According to this article“members of the public who came to testify on the bill were all either neutral or in total opposition to the bill.  It is not unusual for licensing reform bills to be met with strong opposition by bottleneckers. The book Bottleneckers: Gaming the Government for Power and Private Profit defines a bottlenecker as a person who advocates for the creation or perpetuation of government regulation—particularly through occupational licensing—to restrict entry into his or her occupation.”

The lack of any public testimony in favor of this bill illustrates an important point about liberty – liberty requires vigilance.  If there does not exist a sufficient number of people to guard against it, coercion and restraint will inevitably seep into the legislative process.  Coercion and restraint go by many names and forms.  Whether patronage, favoritism, cronyism, or outright graft, they are an ever present danger waiting for any opportunity to affect the legislative process.  Human nature being what it is, they will inevitably prevail unless liberty’s guardians are sufficiently vigilant.

Though there are certainly legislators and other government officials who are committed to the cause of liberty and understand its societal benefits, we see that their efforts too often fall flat for lack of support from the populace.  The public response to the Maine law is illustrative of the point.  Because its benefits are immediate and focused, there is no lack of support for the licensing law which restrains others from entering protected occupations.  Those who benefit from the restraint see that those benefits are tangible and immediate and are thus willing to spend time and resources advocating it.  Accordingly, “members of the public who came to testify on the bill were all either neutral or in total opposition to the bill.”

Because liberty’s benefits are often indirect and dispersed, good public policy based in individual freedom too often finds itself without a champion to argue on its behalf.  An individual who might consider seeking employment as a security guard if he became aware of the opportunity might not even know that a law exists requiring security guards to be licensed.  That individual would also not likely be aware of legislation pending which might relieve him of the obligation to become licensed in order to qualify for a position as a security guard.  And even if he had all the knowledge of the underlying circumstances, as a single individual he’d be less likely to make the necessary effort in order to speak out regarding the bill than would existing security guards who may well be organized and represented by formal organizations or unions.
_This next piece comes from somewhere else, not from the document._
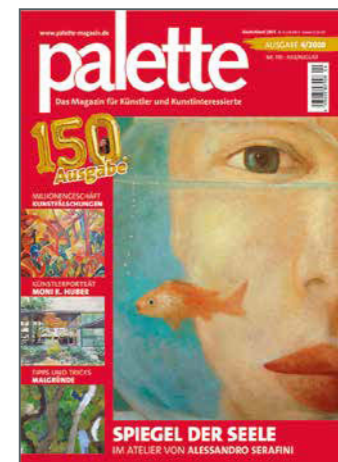
Titelbild Alessandro Serafini: o. T., 2006, Öl auf Hart- faserplatte, Leinwand, Mischtechnik, 90 x 100 cm

So it is that bad public policy based in coercion or restraint often succeeds where good public policy based in individual liberty flounders.  This paradigm can change only when a sufficient percentage of the populace is both persuaded to the societal benefits of individual liberty and committed to outspoken and active citizenship.  Legislators who espouse constitutionalism and first principles require the outspoken support of the citizenry in order to combat coercion and restraint in the legislative process.  Likewise, candidates who demonstrate a commitment to those principles require the active and financial support of the citizenry in conducting their election campaigns.